\documentclass[11pt]{scrartcl}
\usepackage{evan}
\begin{document}
\title{Clock}
\subtitle{Evan Chen}
\author{Twitch Solves ISL}
\date{Episode 110}
\maketitle
\section*{Problem}
There is a analog clock in front of you.
How many positions of the hands are there,
by which it is impossible to determine the time,
if you do not know which hand is hour and which is minute?
\section*{Video}
\href{https://www.youtube.com/watch?v=16UNuZTrNTc&list=PLi6h8GM1FA6yHh4gDk_ZYezmncU1EJUmZ}{\texttt{https://youtu.be/16UNuZTrNTc}}
\newpage
\section*{Solution}
We regard each time as an ordered pair $(H,M)$
where $0 \le H < 12$ is an integer, $0 \le M < 60$ is real.

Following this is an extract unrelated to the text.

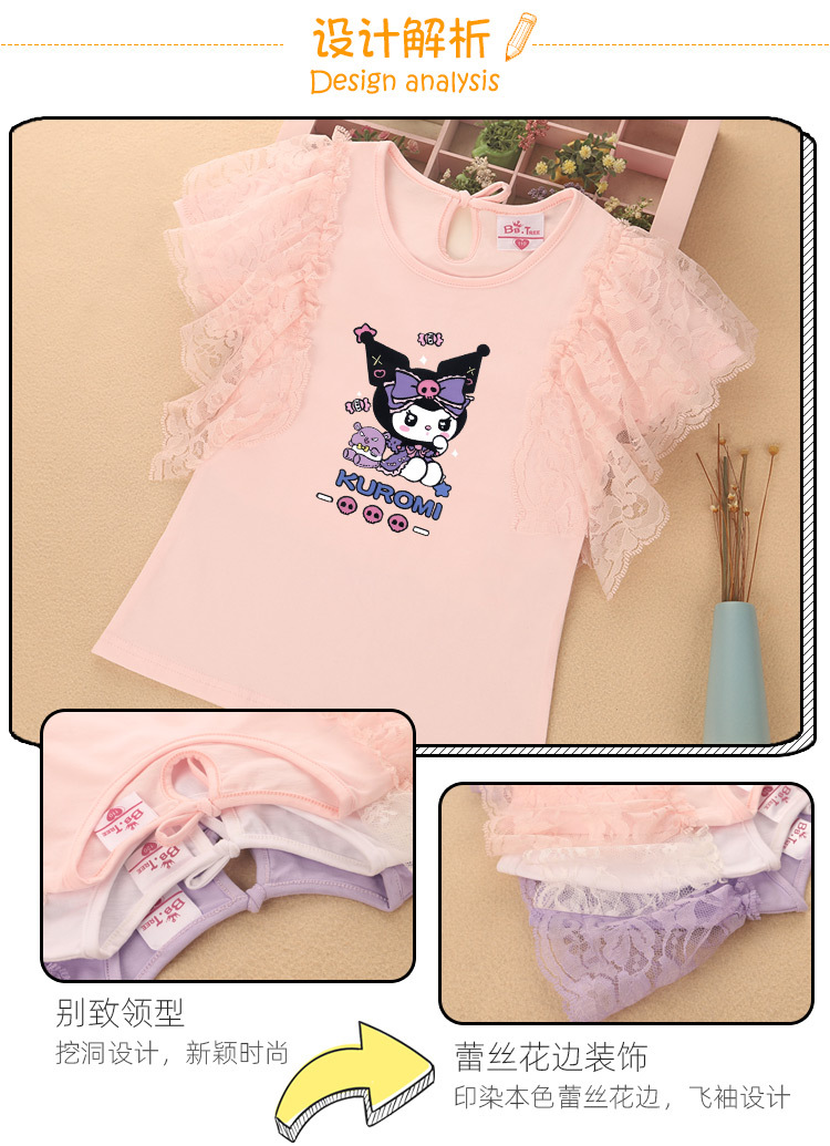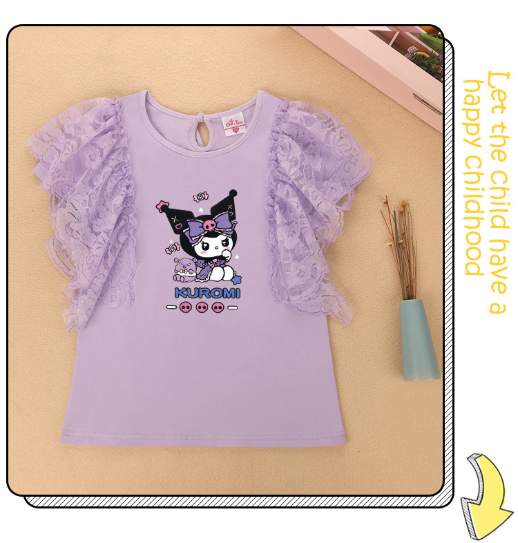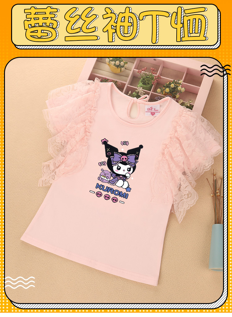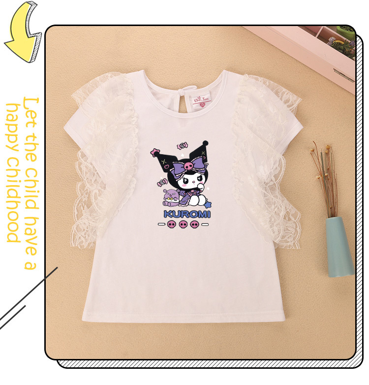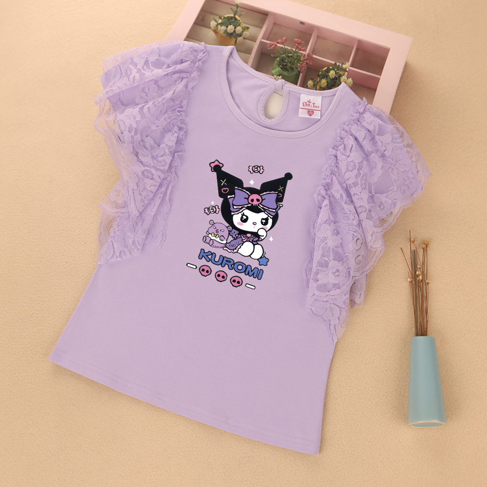Kulomi 아동복 소녀의 여름 반팔 티셔츠 2024 새로운 어린이 여름 착용 아기 소녀의 T 카드 인쇄 탑

The position of the hands measured in degrees from 12 clockwise is
\[ (H,M) \mapsto \left\{ 30\left( H+\frac{M}{60} \right), 6M \right\}
= \left\{ 30H + \half M, 6M \right\}. \]
So we are looking for pairs $(H,M)$ and $(H',M')$ with
\begin{align*}
60H + M &= 12M' \\
60H' + M' &= 12M
\end{align*}
Solving,
\begin{align*}
M &= \frac{60H + 60 \cdot 12 H'}{143} \\
M' &= \frac{60H' + 60 \cdot 12 H}{143} \\
\end{align*}
For each $(H, H') \in \{0,1,\dots,11\}^2$ with $H \neq H'$
this gives two numbers both less than $60$.
Hence the number of positions of hands is just $\binom{12}{2} = 66$.
(Or $12 \cdot 11 = 132$ if you consider the hands
to be distinguishable when counting,
even when indistinguishable to the viewer.)
\end{document}